Bij het opleggen van de aanslag IB/PVV 2016 is de inspecteur afgeweken van de aangifte en heeft hij, voor wat betreft de uitgaven voor het monumentenpand, alleen het bedrag van € 390 aan legeskosten in aftrek toegestaan.
Bij uitspraak op bezwaar heeft de inspecteur het bezwaar van belanghebbende ongegrond verklaard en de aanslag gehandhaafd.

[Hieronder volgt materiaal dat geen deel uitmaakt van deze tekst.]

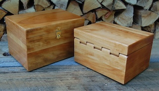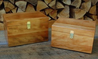 Description - This custom request for a simple matching urn pair incorporates a wooden hinge and clasp for later access. Material - MapleFinish - Outside is Tung Oil & Carnauba Wax, while inside is mineral oil and beeswax Dimensions - 10.5in x 7.25in x 6.5in Dimensions - 9.5in x 7.25in x 5.5in Volume - 223 cubic inches Volume - 147 cubic inches Opening - Hinged Top with clasp Item Number # - 241 Price - Custom Request How to get it |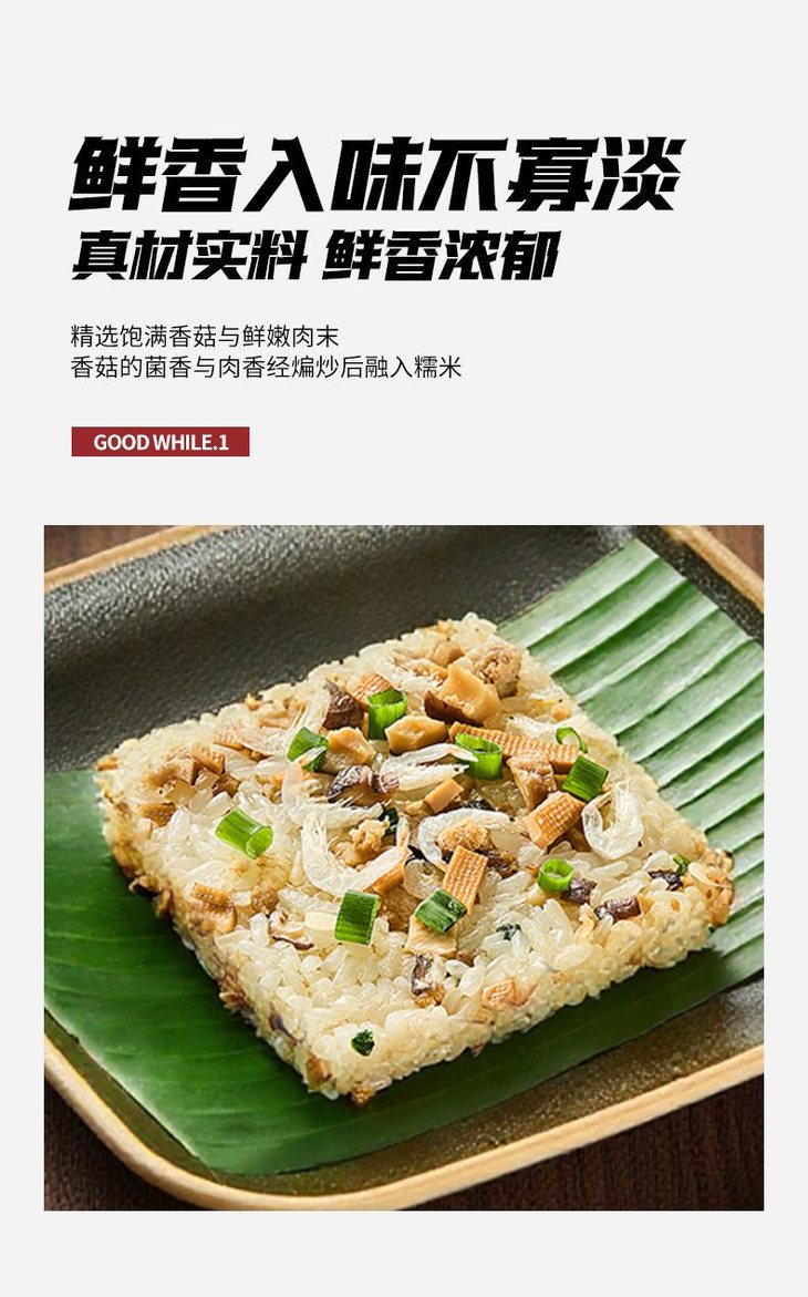 真材实料,鲜香浓郁 精选饱满香菇与鲜嫩肉末 香菇的菌香与肉香经煸炒后 融入糯米,每一口都能吃到 实实在在的香菇丁与肉粒 口感丰富,鲜香入味不寡淡

De rechtbank heeft de inspecteur veroordeeld tot vergoeding van immateriële schade tot een bedrag van € 1.000 en in de proceskosten tot een bedrag van € 748, bestaande uit 1 punt voor het indienen van het beroepschrift en 1 punt voor het verschijnen ter zitting, met een waarde per punt van € 748 en een wegingsfactor 0,5 voor het gewicht van de zaak.
3 Geschil en conclusies van partijen
Het geschil betreft het antwoord op de volgende vragen:
-
Heeft belanghebbende recht op een hogere persoonsgebonden aftrek?
-
Heeft de inspecteur het inkomen uit sparen en beleggen te hoog vastgesteld?
-
Heeft de rechtbank een te lage proceskostenvergoeding vastgesteld?
Belanghebbende concludeert tot vermindering van de aanslag en tot toekenning van een hogere proceskostenvergoeding. De inspecteur concludeert ook tot toekenning van een hogere proceskostenvergoeding en verder tot bevestiging van de uitspraak van de rechtbank.